Nice positioning of that sight, hope it works well for you.


----------



## GrayWolf (May 14, 2012)

I really like the concept. I always liked a smaller bead for archery sights. Something smaller than the bullseye so I could still see it around the pin or bead (just my opinion). More options for some of your beautiful slingshots







Next, maybe they could be adjustable for us newbies to help with the learning curve (just kidding).

Todd


----------



## akmslingshots (Mar 2, 2012)

Sean said:


> I really like the concept. I always liked a smaller bead for archery sights. Something smaller than the bullseye so I could still see it around the pin or bead (just my opinion).

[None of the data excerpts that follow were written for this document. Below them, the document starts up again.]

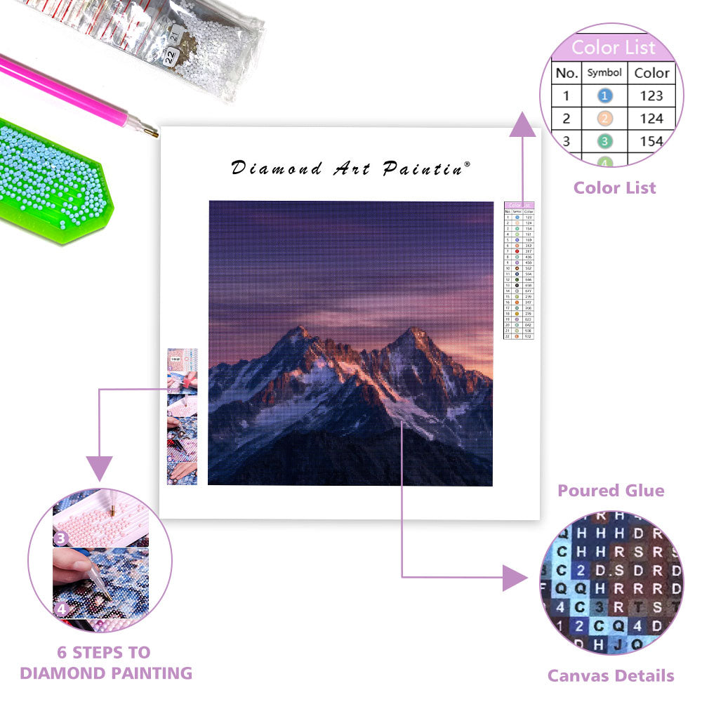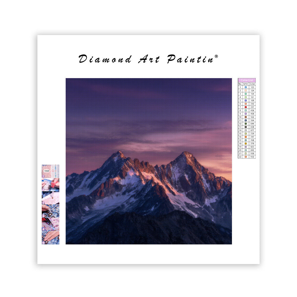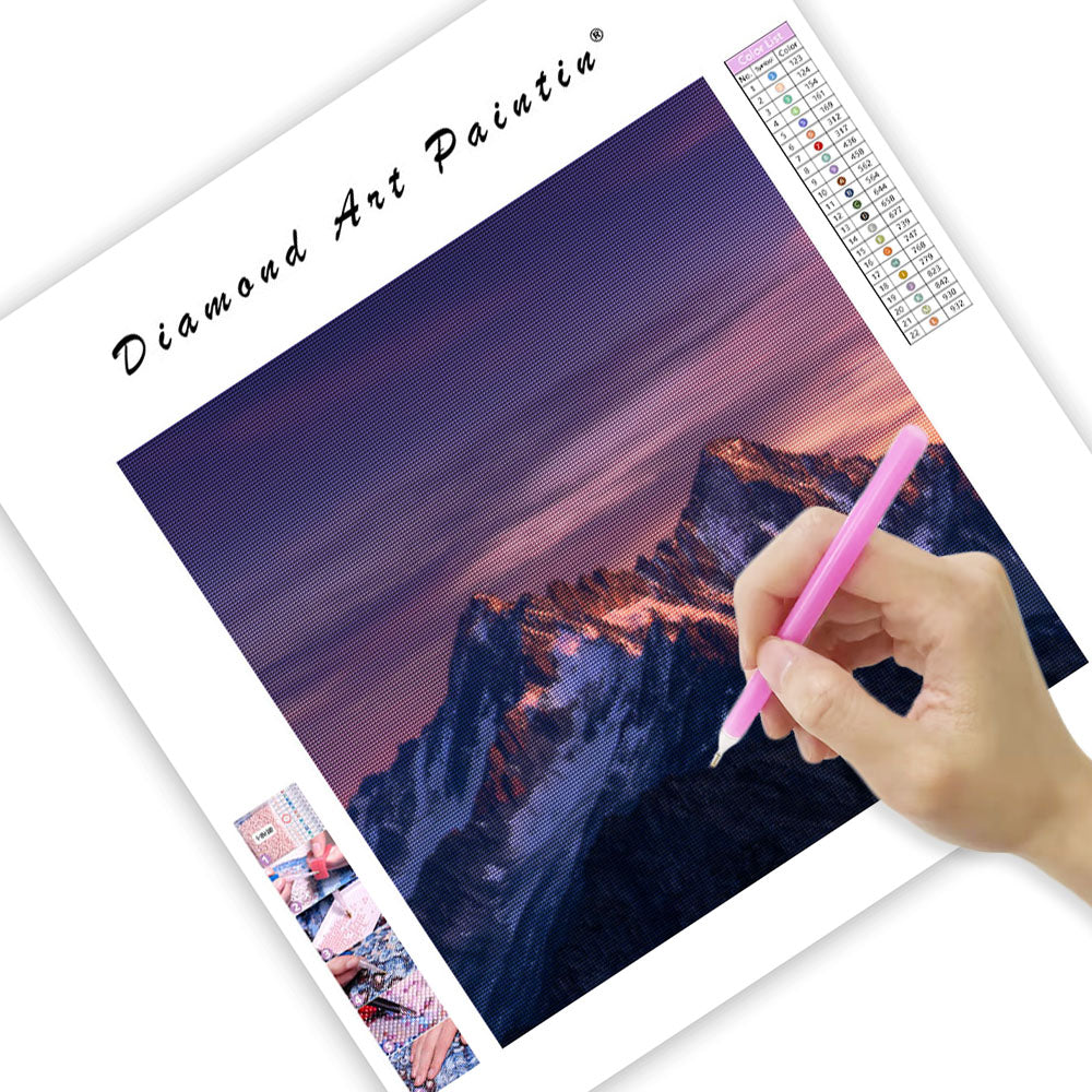 Lila Gryning och Bergssilhuetter - Diamantmålning
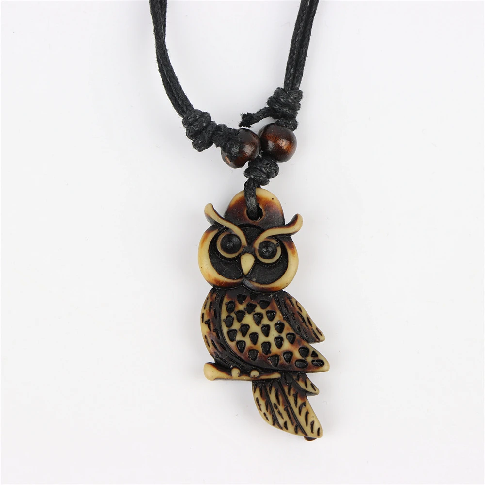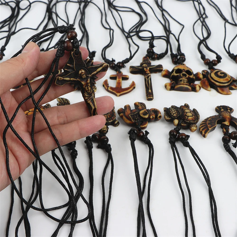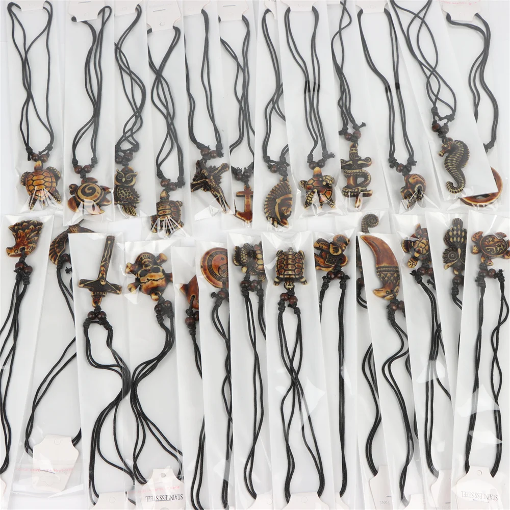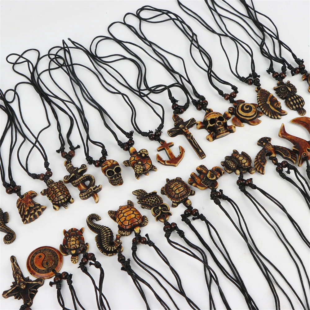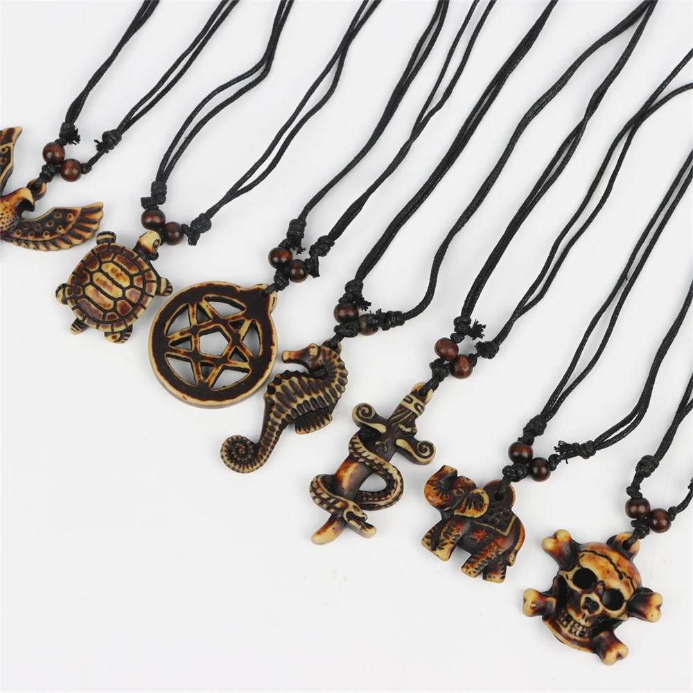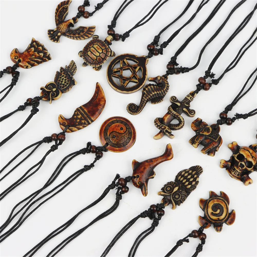 10Pcs/Lot New Vintage Turtle Elephant Owl Skull Adjustable Wooden Necklace Men Women Rope Chain Jewelry Clothes Accessories Gift
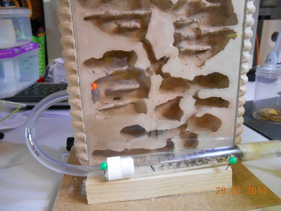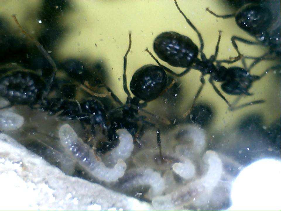 2014-06-14 - Tutto procede bene, anche se mi inquetano un pò alcuni fattori. Un paio di operaie sono morte, sono nati due maschi, ci sono ancora molte larve e non mi sembra che le operaie bottinino abbastanza. Per contro vedo che ci sono varie operaie con il gastro dilatato e che alcuni pezzi di camola sono stati portati dentro il formicaio.
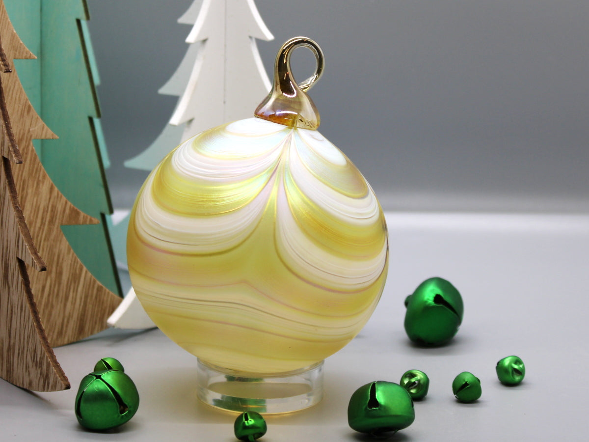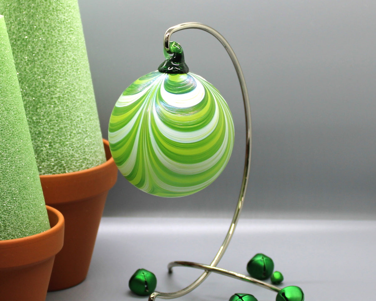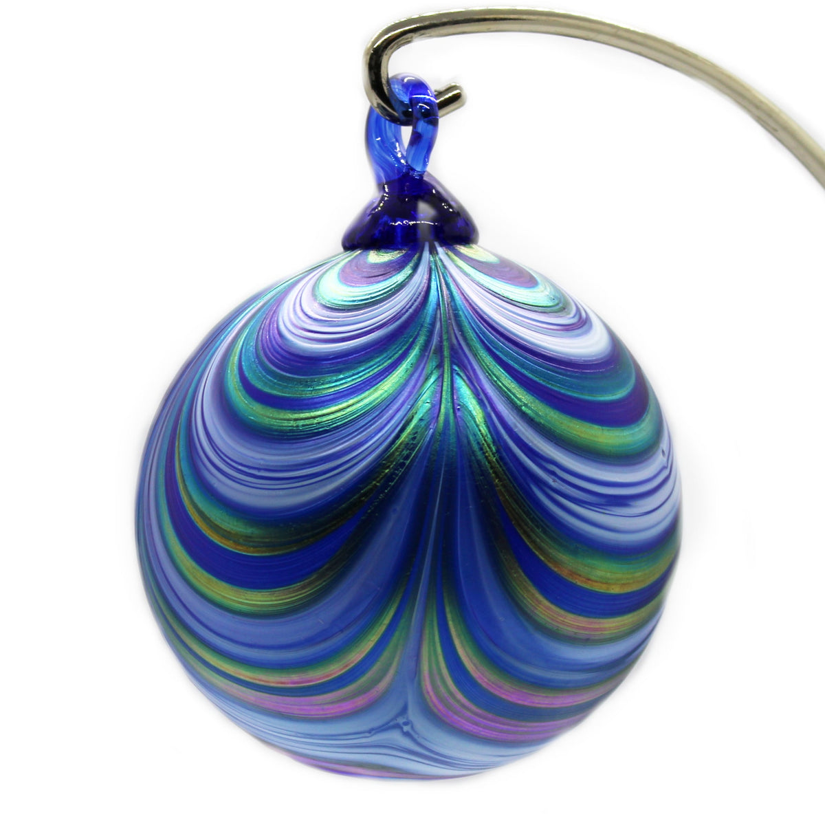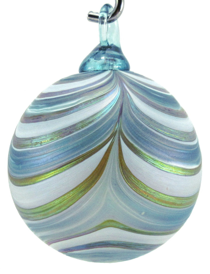 The Furnace's perennially-popular RIBBON-patterned orb features ribbons of color undulating across the surface like swags of seasonal fabric draped across the mantle. A colored-glass hook tops each orb; the body is given a luster-like finish to set it apart from "the usual."
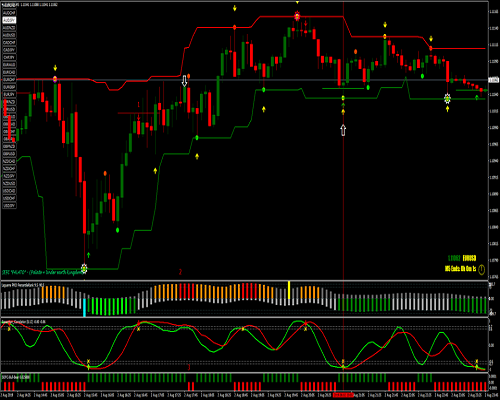 Laguerre Pro dan Korelasi Spearman adalah sistem perdagangan yang berbasis pada indikator momentum Laguerre Pro dan indikator Statistik Korelasi Spearman. Indikator Laguerre PRO mengidentifikasi area jenuh beli (overbought) dengan bar hijau dan jenuh jual (oversold) dengan bar merah di mana kemungkinan terjadi inversi harga singkat. Ketika panah indikator korelasi Spearman muncul di area ini, hal ini mengindikasikan kemungkinan perubahan arah harga. Situasi ini dapat dikonfirmasi oleh indikator support dan resistance serta indikator aksi tren SEF Bull and Bear.
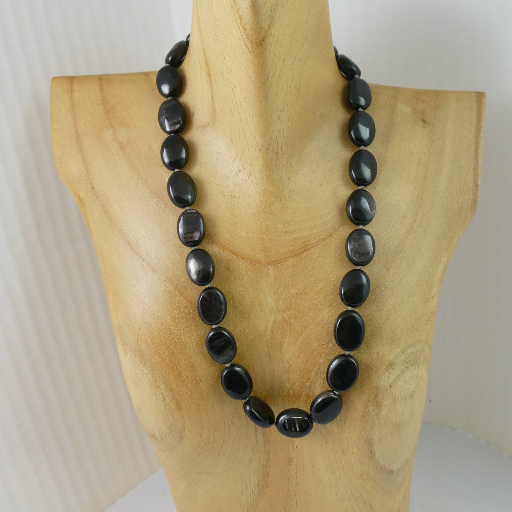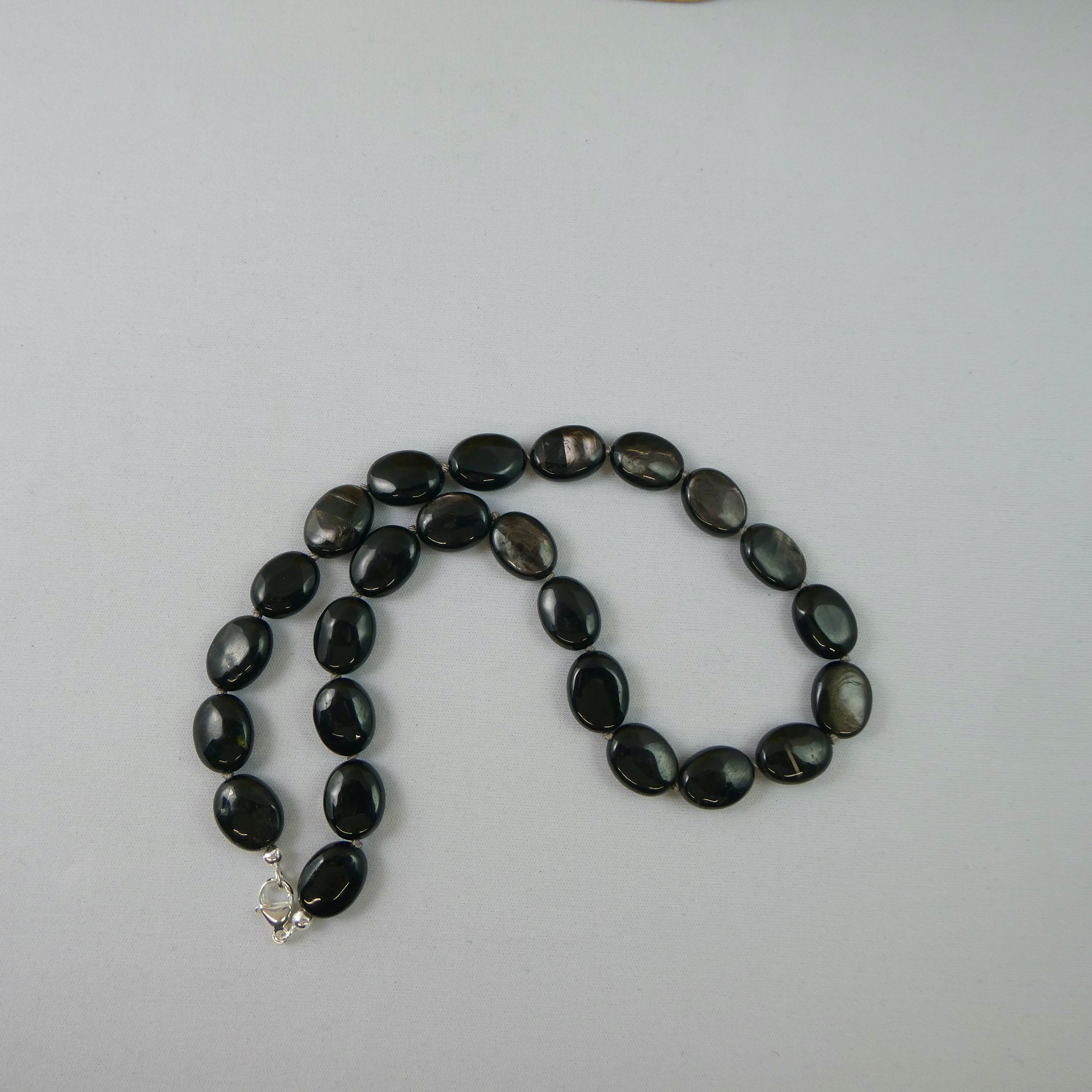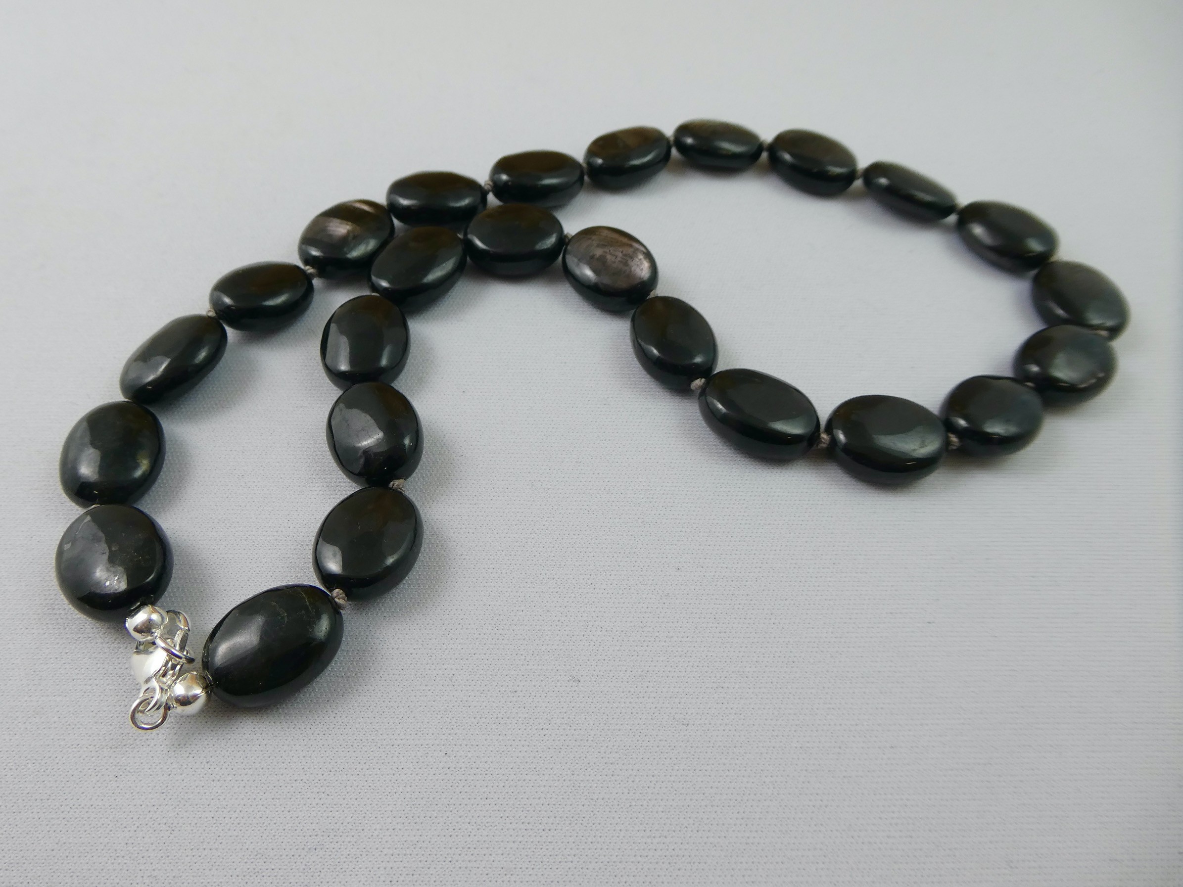 Hypersthen Edelsteinkette, oval flach ca. 16x12mm, Länge 46cm,
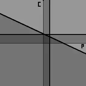 As linhas mais finas representam o eixo X e Y, os quais representam respectivamente o número de mesas (M) e cadeiras (C). Todos os pontos dentro ou abaixo àquela reta grossa mais inclinada representam pontos que satisfazem a Restrição 2. Todos os pontos dentro ou abaixo àquela reta grossa menos inclinada satisfazem a Restrição 1. Pontos à direita da reta Y e acima do eixo X satisfazem a exigência de que não podemos fabricar um número negativo de objetos. Quanto mais restrições um ponto no gráfico acima satisfaz, mais escuro ele aparece. A única região onde todas as restrições são satisfeitas é aquele triângulo escuro localizado próximo ao centro do gráfico. Os vértices do triângulo são os pontos (0,0), (0,10) e (5,0).
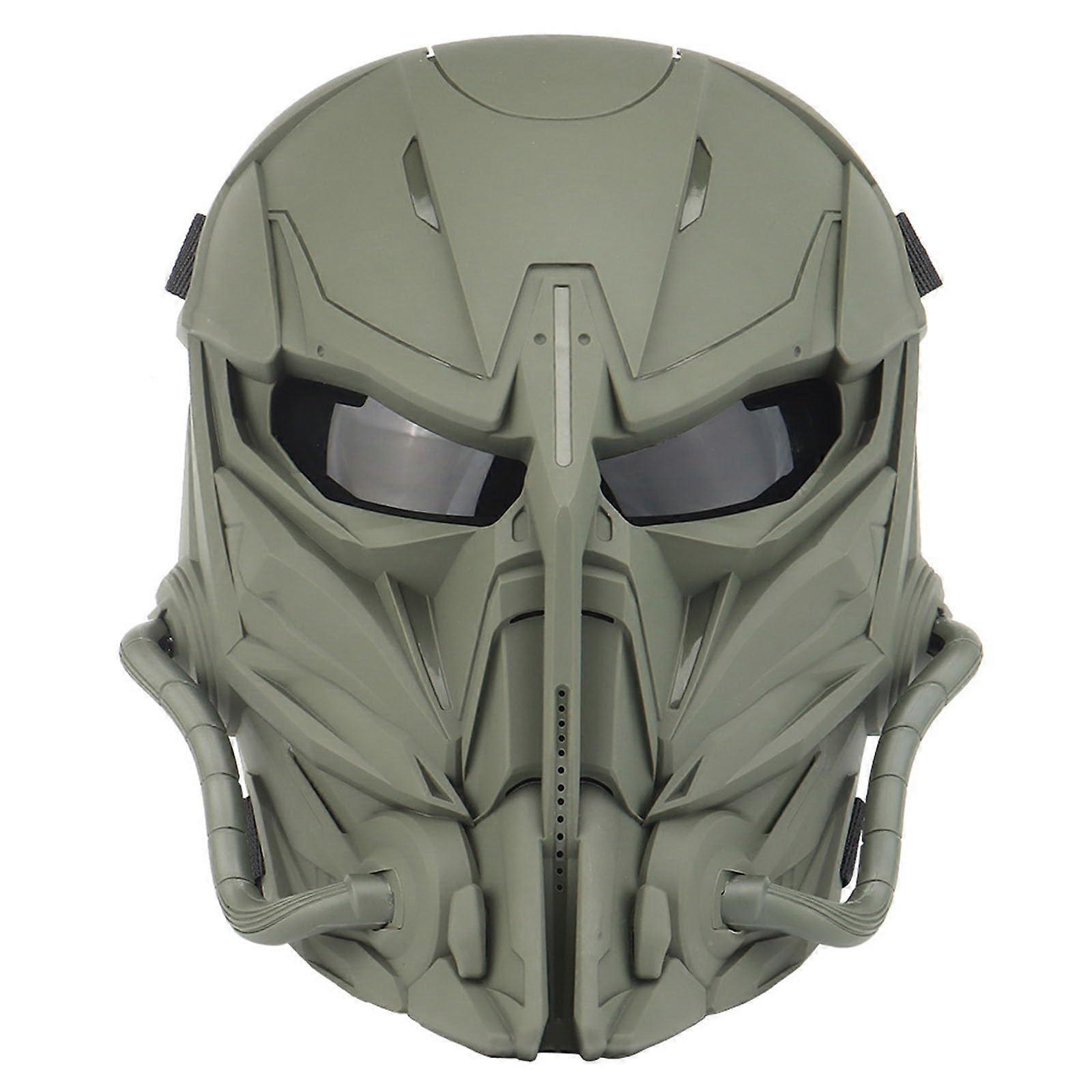Airsoft Face Mask Green Cyberpunk Samurai Full Face Tactical Paintball Mask with Adjustable Fit
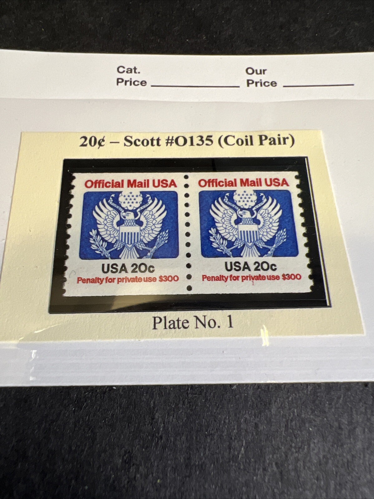 Scott#O135 MNH Pl# Pair 1993 20c Eagle Shield Arrow Stars Official Mail Coil. Shipped with USPS Ground Advantage.

More options for some of your beautiful slingshots
> 
> 
> 
> ...


This one is ever so slightly too big(3mm) for longer distance and the other too small(1.5mm) for target acquisition, i have decided to go with 2mm for the illuminated version.

as far as adjustment goes, i have ideas for windage adjustment but they will require some very small and difficult to make parts. I am going to concentrate on lighting it up first


----------



## e~shot (Jun 3, 2010)

Cool mate!


----------